• **What to produce**
The response consists of the lines from the start of the material below through the line holding "受到伤害提升三代雷影的攻击10%和20%防御也是进一步雷影的作战能力。", repeated word for word and without pictures.

• **Supplied records**
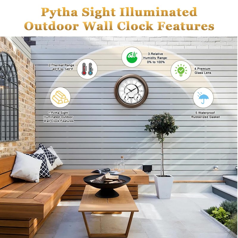 - 【Extensive Application To Any Outdoor & Indoor Space】Pytha Sight outdoor clock is a perfect blend of style and functionality.The elegant frame and LED illuminates make it a stunning focal point on your patio.The outdoor wall clocks waterproof adds a classic and stylish touch to your living room,entryway, fireplace,bedroom, kitchen, or patio, lawn, garden, backyard, pool,fence,deck,shed,balcony.It's an ideal gift for house warming gift,Mother's Day Gift,Father's Day Gift or Christmas Gifts.
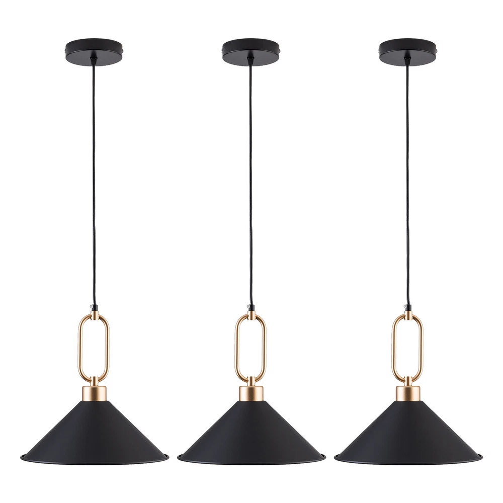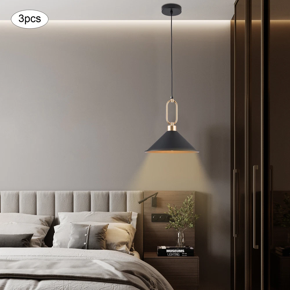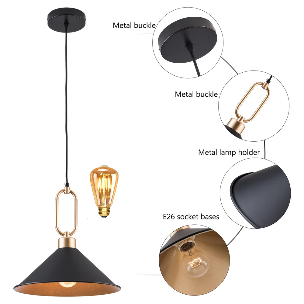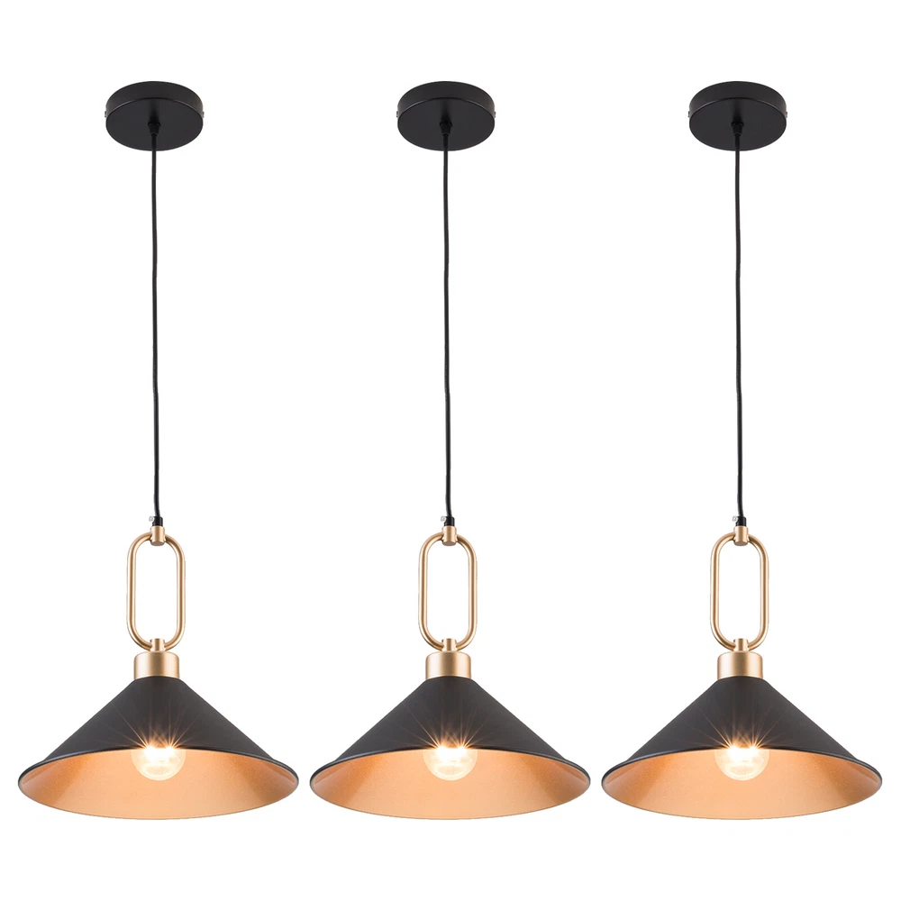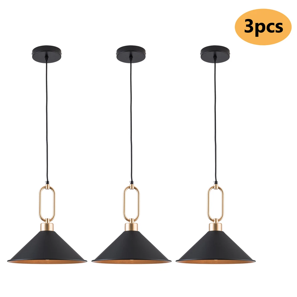 UPC: Does not apply Installation Type: Hanging Type: Pendant Light Color: Warm White Light Source: E26x3 (Not Included) gtin13: Does not apply Features: Industrial Pendant Light, 3-Light, High-quality Material, 3-Pack, Adjustable Height, Firm Design Assembly Required: Yes  Brand: Unbranded Finish: Baking Paint Department: Adults Room: Living Room,Bedroom,Dining Room,Hallway,Home Office,Kitchen,Bar Voltage: 110 V Lighting Technology: LED/CFL/Incandescent Wattage Per Bulb: 60W Style: Modern Power Source: Hardwired Energy Star: A+++ MPN: Does Not Apply Installation Area: Indoor Wire Length (Adjustable): 100cm/3.3 ft Material: Iron, PPC, Copper Labels & Certifications: Energy Efficient Cord Color: Black,Gold Color: Black
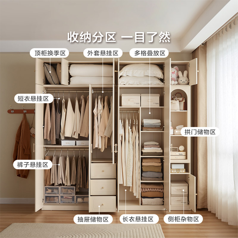 Lin's Home Small Household Type Wardrobe Home Bedroom Cream Windcloset Rental House New 2023 Burst TE1D-Taobao
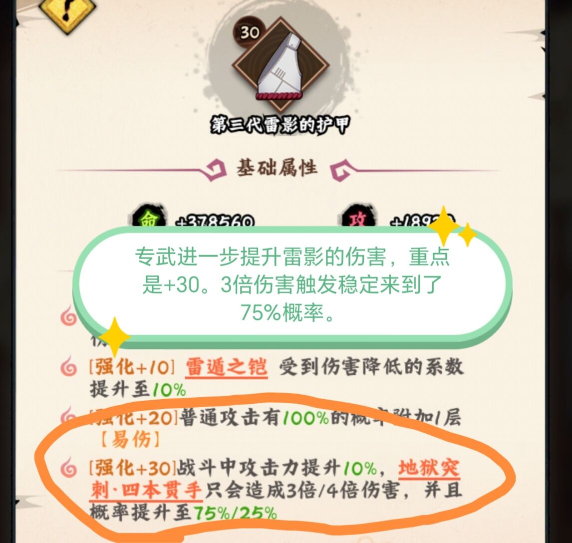受到伤害提升三代雷影的攻击10%和20%防御也是进一步雷影的作战能力。
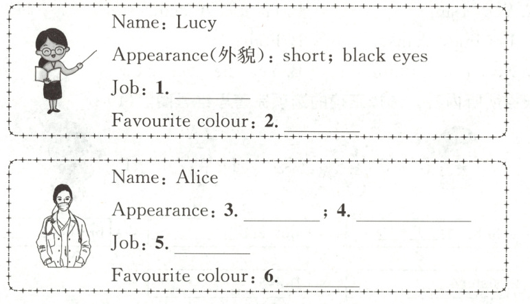 Lucy and Alice are my friends. Lucy is a girl. Alice is a girl,too. Lucy is short. Alice is tall. Lucy is a teacher. Alice is a doctor. Lucy’s favourite(最喜欢的) colour is blue. Her eyes are black. Alice’s favourite colour is green. Her eyes are black,too.
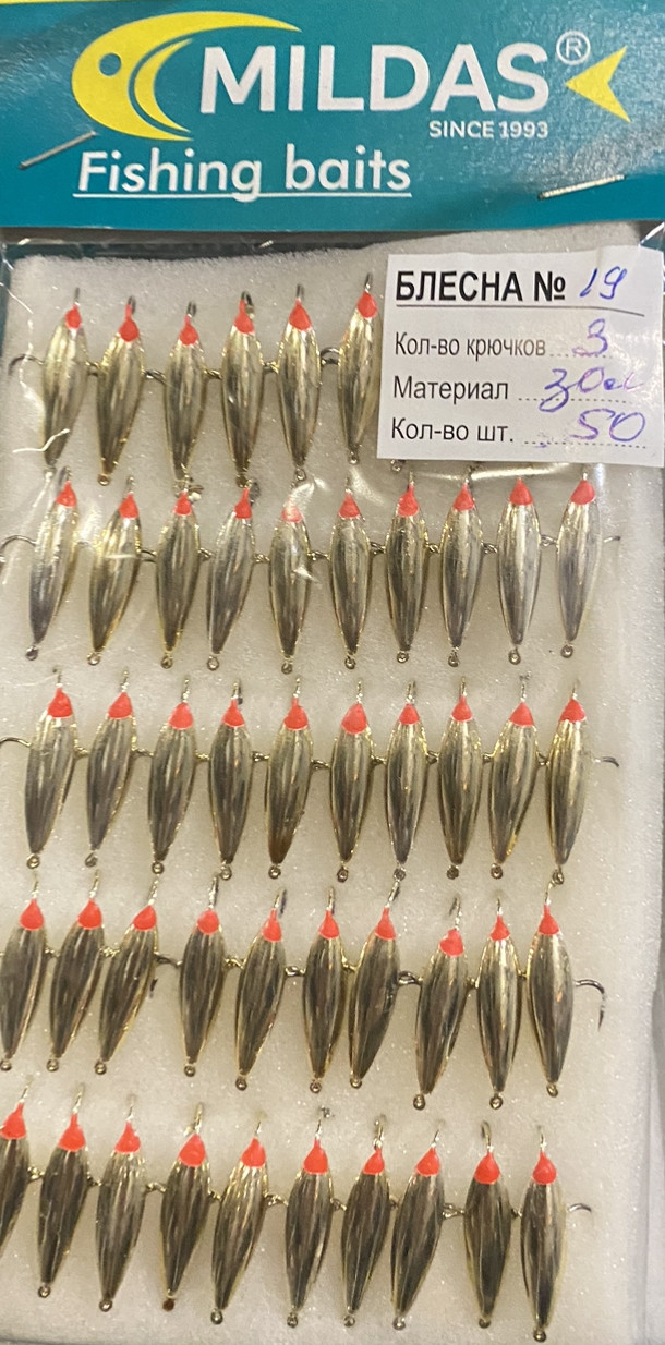 Блесна средняя Mildas №19 золото на 3 крючка (50 шт.)

• **Completed exercise**
 - 【Extensive Application To Any Outdoor & Indoor Space】Pytha Sight outdoor clock is a perfect blend of style and functionality.The elegant frame and LED illuminates make it a stunning focal point on your patio.The outdoor wall clocks waterproof adds a classic and stylish touch to your living room,entryway, fireplace,bedroom, kitchen, or patio, lawn, garden, backyard, pool,fence,deck,shed,balcony.It's an ideal gift for house warming gift,Mother's Day Gift,Father's Day Gift or Christmas Gifts.
 UPC: Does not apply Installation Type: Hanging Type: Pendant Light Color: Warm White Light Source: E26x3 (Not Included) gtin13: Does not apply Features: Industrial Pendant Light, 3-Light, High-quality Material, 3-Pack, Adjustable Height, Firm Design Assembly Required: Yes  Brand: Unbranded Finish: Baking Paint Department: Adults Room: Living Room,Bedroom,Dining Room,Hallway,Home Office,Kitchen,Bar Voltage: 110 V Lighting Technology: LED/CFL/Incandescent Wattage Per Bulb: 60W Style: Modern Power Source: Hardwired Energy Star: A+++ MPN: Does Not Apply Installation Area: Indoor Wire Length (Adjustable): 100cm/3.3 ft Material: Iron, PPC, Copper Labels & Certifications: Energy Efficient Cord Color: Black,Gold Color: Black
 Lin's Home Small Household Type Wardrobe Home Bedroom Cream Windcloset Rental House New 2023 Burst TE1D-Taobao
受到伤害提升三代雷影的攻击10%和20%防御也是进一步雷影的作战能力。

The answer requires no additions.